City to ask some residents to clean up their recycling act
London Community News
By Sean Meyer/London Community News/Twitter: Newswriter22
The city wants London residents to continue to refine their recycling habits, but for those who don’t, they could find their items left at the curb.
During the Civic Works Committee meeting on Monday (Oct. 1), councillors discussed — and eventually supported — a staff report recommending the phasing in of an awareness and compliance campaign around the curbside blue box program.
The goal of the awareness campaign, according to the report presented by Jay Stanford, director environmental programs and solid waste, is to reduce blue box processing costs by $250,000 each year. That savings would be achieved, the report suggests, if a target of three per cent (by weight) of non-recyclables or improperly sorted materials arriving at the city’s Materials Recovery Facility.
“Eighty per cent of London residents are doing this very well. Our target is the 10 or 20 per cent who do have some challenges and the ones who are costing the city, unfortunately, upwards of $250,000,” Stanford said. “We do need to improve those recycling behaviours so the 80 per cent that are doings so well see an increase in numbers.”
Under the current curbside program, when a blue box does not comply with program instructions, the drivers will empty the blue boxes and place a reminder sticker on them. The sticker is to inform residents of the correct procedure because drivers have the option of not picking up heavily “contaminated” boxes.
Ward 4 Councillor Stephen Orser expressed concern the small stickers that are attached to the blue boxes were confusing people. Orser’s solution to the public’s sticker confusion involved the use of not only larger stickers and perhaps different colour boxes.
“Is there a chance we can make the sticker larger and make the message more simplistic? I’ve got a couple stickers and I have corrected my behaviour in terms of recycling, but these are concerns that have come through my neighbourhood,” Orser said. “Would there be any benefit if we had a different coloured blue bin. For the sake of argument, if one was red, had it printed in large print paper only or box will not be picked up. Would that help eliminate the confusion?
Stanford said the current stickers that are being utilized were designed to generate the very feedback Orser was providing. Stanford did say there would be value into looking into larger, more permanent stickers, to help reminder residents of their recycling responsibilities.
Stanford also said that if after next week’s council meeting final approval is given, the city actually has five different stickers that will go out to help educate London residents. “Education is our number one priority moving forward and working with the people who are having challenges.”
As for having different colour boxes, Stanford said there was funding made available last year for the larger boxes that were brought in for people to put their containers in. And although he would look into seeing if that funding was still available, Stanford pointed out the city portion of that initiative still came to approximately $300,000, making separate boxes a challenge for the city.
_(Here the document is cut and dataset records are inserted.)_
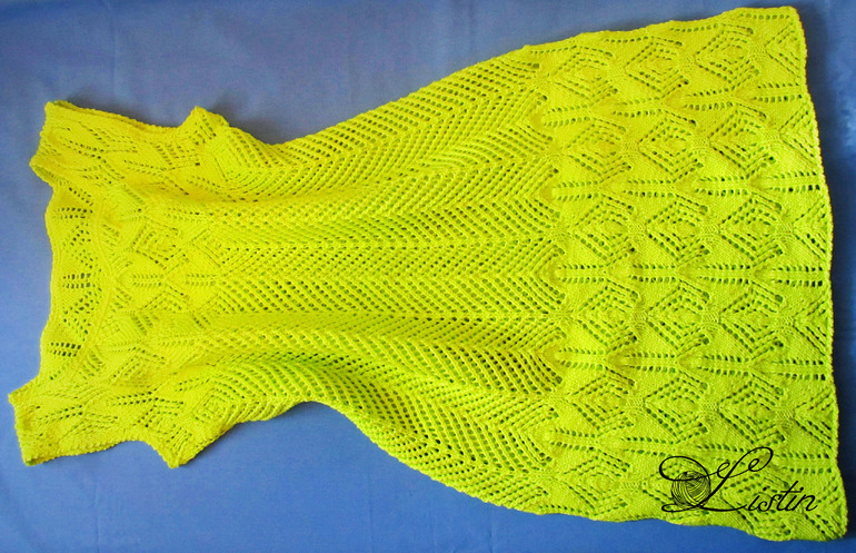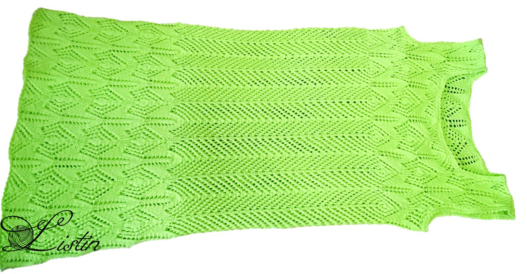 Я к вам с новой работой. Летнее ажурное мини-платье из хлопковой пряжи. Размер 40-42, длина 84 см. Ушло примерно 450 гр.
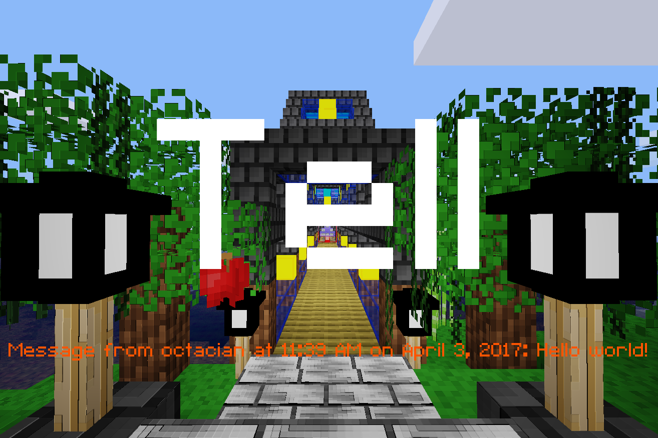 Tell introduces a single command, /tell (note: if you have mesecons_commandblock, the command is renamed to /tellafk due to a conflict). It accepts the same parameters as does /msg, however, it does not require that the player be online. Instead, it registers the message sent (as well as the time the message was sent) to be shown next time the player specified is active. Whenever a player joins or sends a chat message, tell checks its internal table of messages and displays any that were meant for the player. This is useful both when you don't know when a player will come back online, or when a player is AFK (as the message is not shown until they send another chat message). Warning: If you accidentally enter the wrong player username, the message will be stored anyway (even if the specified player has never joined before).
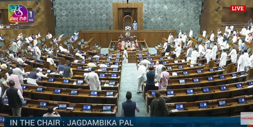 اس دوران بھارتیہ جنتا پارٹی کے رکن انوراگ شرما نے کین-بیتوا ندی کو جوڑنے کے منصوبے سے متعلق ضمنی سوالات پوچھے، جس کا جواب مرکزی وزیر ماحولیات بھوپیندر یادو نے دیا۔ لیکن اپوزیشن کی ہنگامہ آرائی کے باعث اسپیکر نے ایوان کی کارروائی دوپہر 12 بجے تک ملتوی کر دی۔دوپہر 12 بجے ایوان دوبارہ شروع ہوا لیکن اپوزیشن ارکان نے ہنگامہ آرائی جاری رکھی، ’ایس آئی آر واپس لو‘ اور ’جمہوریت کا قتل بند کرو‘ جیسے نعرے لگائے۔ اس دوران صدارتی چیئرپرسن سندھیا رائے نے ضروری کاغذات ایوان کی میز پر رکھے۔
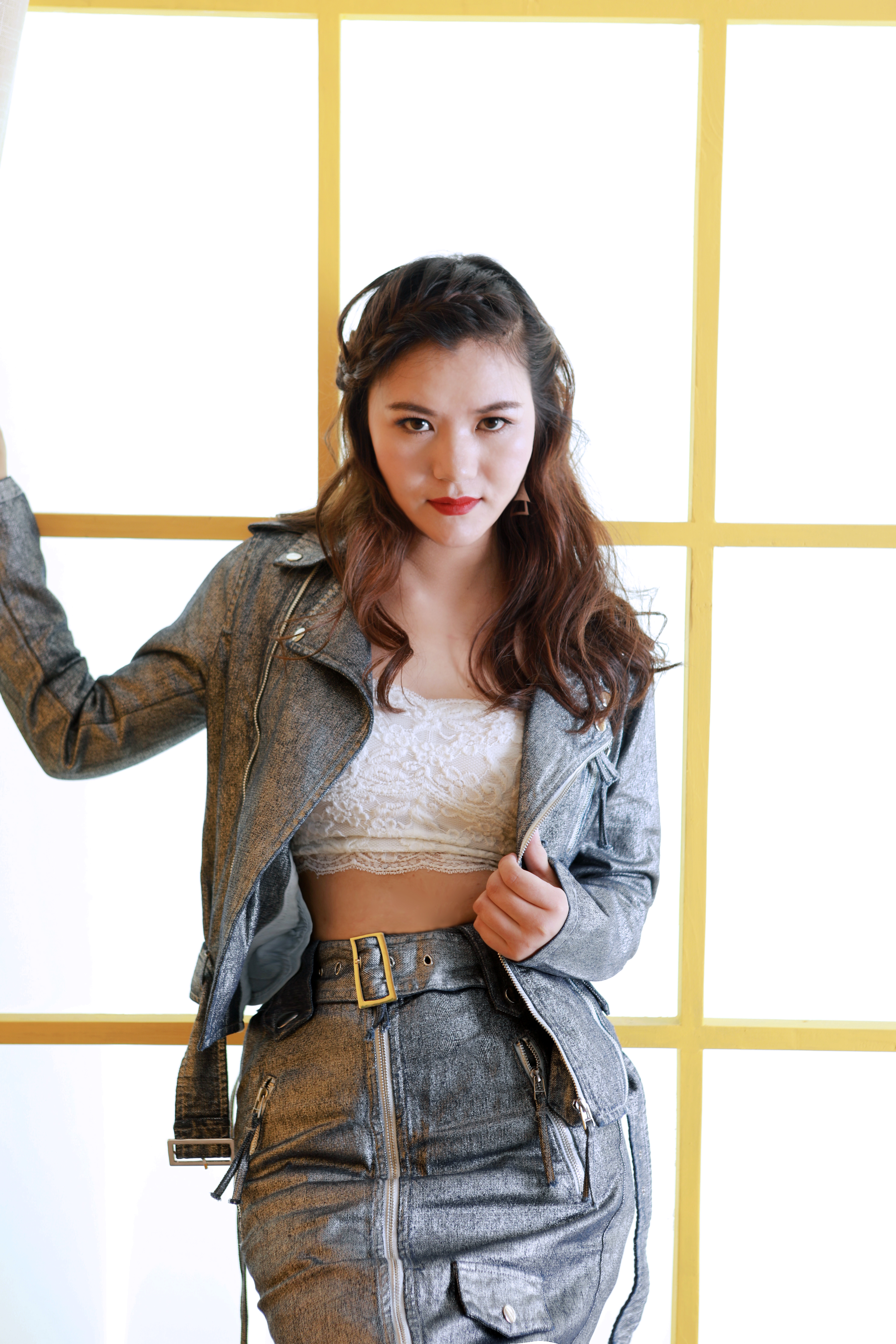 服装师给小田田选择了一套金属色泽的牛仔夹克&半裙,金属材质和夹克让牛仔更显霸气,温柔的半裙又调和了刚硬感,刚中带柔的感觉,让刚才甜甜的小田田又御姐了起来呢。
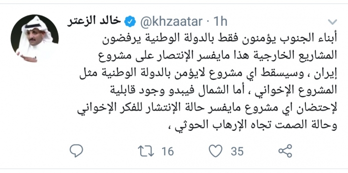 وكتب الزعتر، في تغريدة له عبر موقع التواصل الاجتماعي تويتر، تابعها المشهد العربي: " أبناء الجنوب يؤمنون فقط بالدولة الوطنية يرفضون المشاريع الخارجية وهذا مايفسر الاتتصار على مشروع إيران".

Orser also expressed concern about the program’s proposed awareness campaign, particularly the money that would be used in terms of advertising, and whether those dollars would represent a targeted marketing initiative.
Stanford said the education component of the campaign would be targeted and was part of the reason for the use of different stickers. Those different stickers, Stanford said, would be left on not only a blue box, but on an item that was clearly not part of the recycling program.
“As far as the budget for this, our report refers to a lot of free advertising we get through free media, which comes in as part of the waste diversion organization program,” Stanford said. “So that is what we plan on using for this campaign, it isn’t tax dollars, it is wisely using the options available to us.”
Ward 14 Councillor Sandy White had a concern of her own, particularly the excessive amount of packaging that many companies use with their products. White asked if the city is still looking at speaking with higher levels of government to try and “educate” corporations around excessive packaging.
Stanford said that is happening and he personally will play a role in driving the conversation.
“I couldn’t agree with you more. Not only are we involved with a number of associations that have this as a priority, but I am on a task force with the Association of Municipalities of Ontario, looking at this element, along with others,” Stanford said. “There have got to be, in the future, more controls with some of this material, to make sure it is not only recyclable, but to look at wherever it can be reduced. We would all be better off.”